══ Records supplied

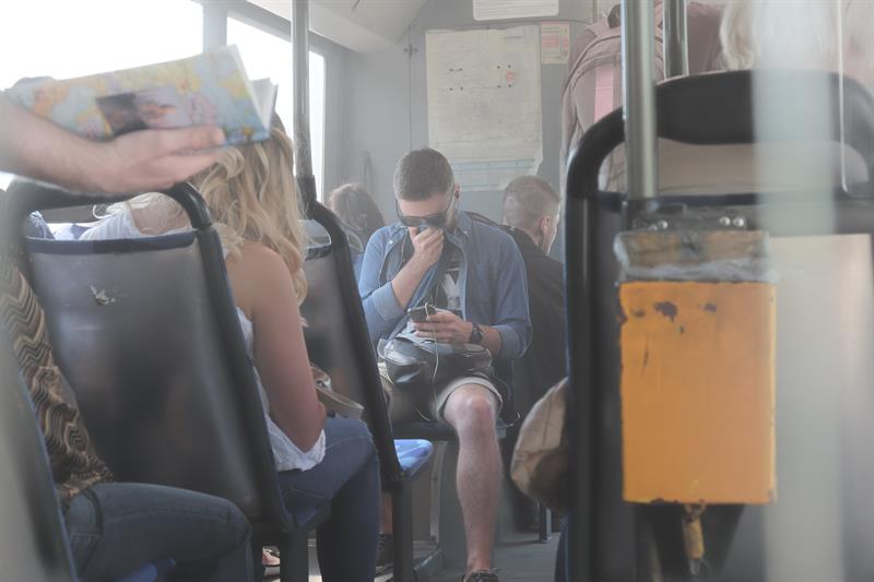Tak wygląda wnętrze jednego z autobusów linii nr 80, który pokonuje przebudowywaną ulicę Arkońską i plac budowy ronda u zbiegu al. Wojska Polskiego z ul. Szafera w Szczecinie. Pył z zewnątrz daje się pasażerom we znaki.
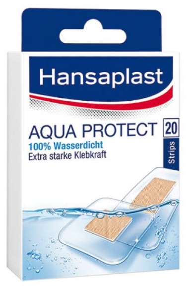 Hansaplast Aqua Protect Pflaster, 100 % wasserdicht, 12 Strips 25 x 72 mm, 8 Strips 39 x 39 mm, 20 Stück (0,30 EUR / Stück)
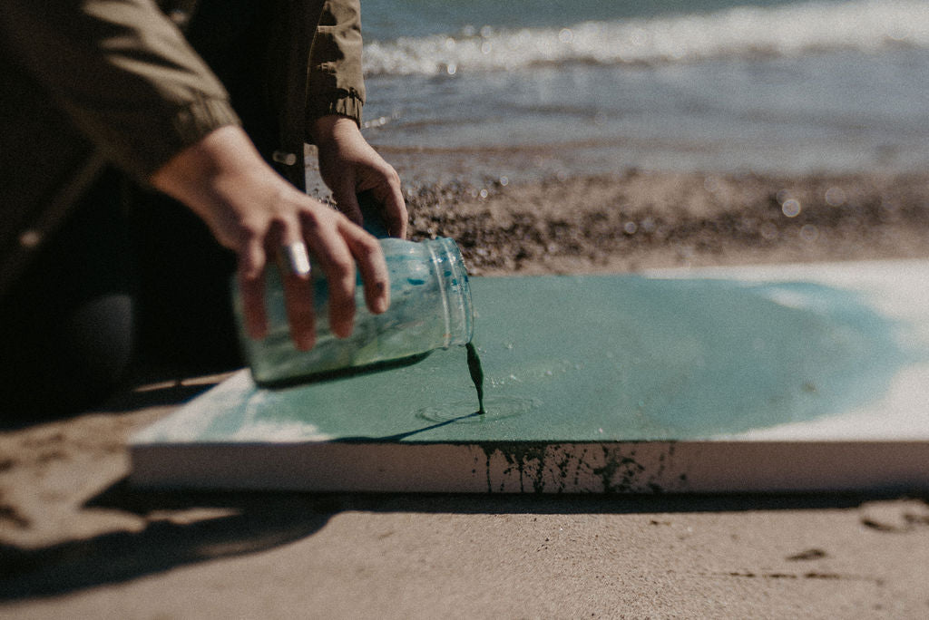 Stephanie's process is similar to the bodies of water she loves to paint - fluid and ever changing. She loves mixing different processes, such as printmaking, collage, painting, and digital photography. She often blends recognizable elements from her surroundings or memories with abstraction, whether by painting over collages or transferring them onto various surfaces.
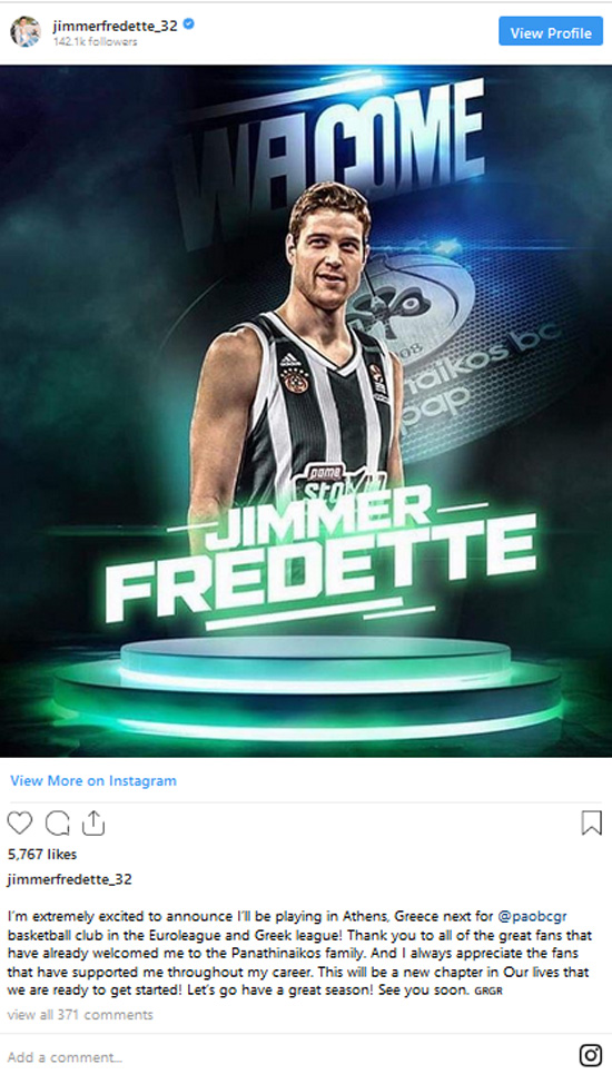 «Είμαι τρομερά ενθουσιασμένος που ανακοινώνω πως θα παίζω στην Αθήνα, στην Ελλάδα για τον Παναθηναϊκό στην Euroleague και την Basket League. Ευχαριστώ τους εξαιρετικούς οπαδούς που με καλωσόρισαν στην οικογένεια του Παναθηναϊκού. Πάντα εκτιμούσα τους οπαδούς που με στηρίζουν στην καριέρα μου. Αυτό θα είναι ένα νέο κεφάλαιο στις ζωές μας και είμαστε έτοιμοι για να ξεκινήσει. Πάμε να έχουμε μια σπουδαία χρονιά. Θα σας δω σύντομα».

════
══ Records supplied

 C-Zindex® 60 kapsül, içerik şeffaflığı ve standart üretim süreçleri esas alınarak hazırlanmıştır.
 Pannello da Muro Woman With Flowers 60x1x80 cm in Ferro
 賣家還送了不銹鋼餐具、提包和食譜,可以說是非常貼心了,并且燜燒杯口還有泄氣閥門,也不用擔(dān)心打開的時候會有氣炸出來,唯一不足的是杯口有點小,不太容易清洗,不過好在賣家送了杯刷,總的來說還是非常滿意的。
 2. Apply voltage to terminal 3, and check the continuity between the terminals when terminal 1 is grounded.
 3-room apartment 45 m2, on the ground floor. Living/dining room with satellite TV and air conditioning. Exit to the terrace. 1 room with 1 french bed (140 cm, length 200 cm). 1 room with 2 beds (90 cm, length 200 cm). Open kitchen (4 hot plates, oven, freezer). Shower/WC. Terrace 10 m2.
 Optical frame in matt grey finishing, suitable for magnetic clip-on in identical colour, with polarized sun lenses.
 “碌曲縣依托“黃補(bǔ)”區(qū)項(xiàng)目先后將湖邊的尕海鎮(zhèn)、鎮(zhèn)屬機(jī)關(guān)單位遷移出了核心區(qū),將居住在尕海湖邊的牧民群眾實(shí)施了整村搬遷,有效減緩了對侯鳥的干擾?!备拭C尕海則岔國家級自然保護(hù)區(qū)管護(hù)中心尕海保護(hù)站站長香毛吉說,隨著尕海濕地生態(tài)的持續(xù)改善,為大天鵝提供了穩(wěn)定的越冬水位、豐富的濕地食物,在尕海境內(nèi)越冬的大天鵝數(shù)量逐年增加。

════

■ **What to work on**:
Transcribe the lines above exactly, beginning at the one with "Tak wygląda wnętrze" and ending at the one with "Hansaplast Aqua Protect". Include both; exclude the pictures.

■ **Answer section**:
Tak wygląda wnętrze jednego z autobusów linii nr 80, który pokonuje przebudowywaną ulicę Arkońską i plac budowy ronda u zbiegu al. Wojska Polskiego z ul. Szafera w Szczecinie. Pył z zewnątrz daje się pasażerom we znaki.
 Hansaplast Aqua Protect Pflaster, 100 % wasserdicht, 12 Strips 25 x 72 mm, 8 Strips 39 x 39 mm, 20 Stück (0,30 EUR / Stück)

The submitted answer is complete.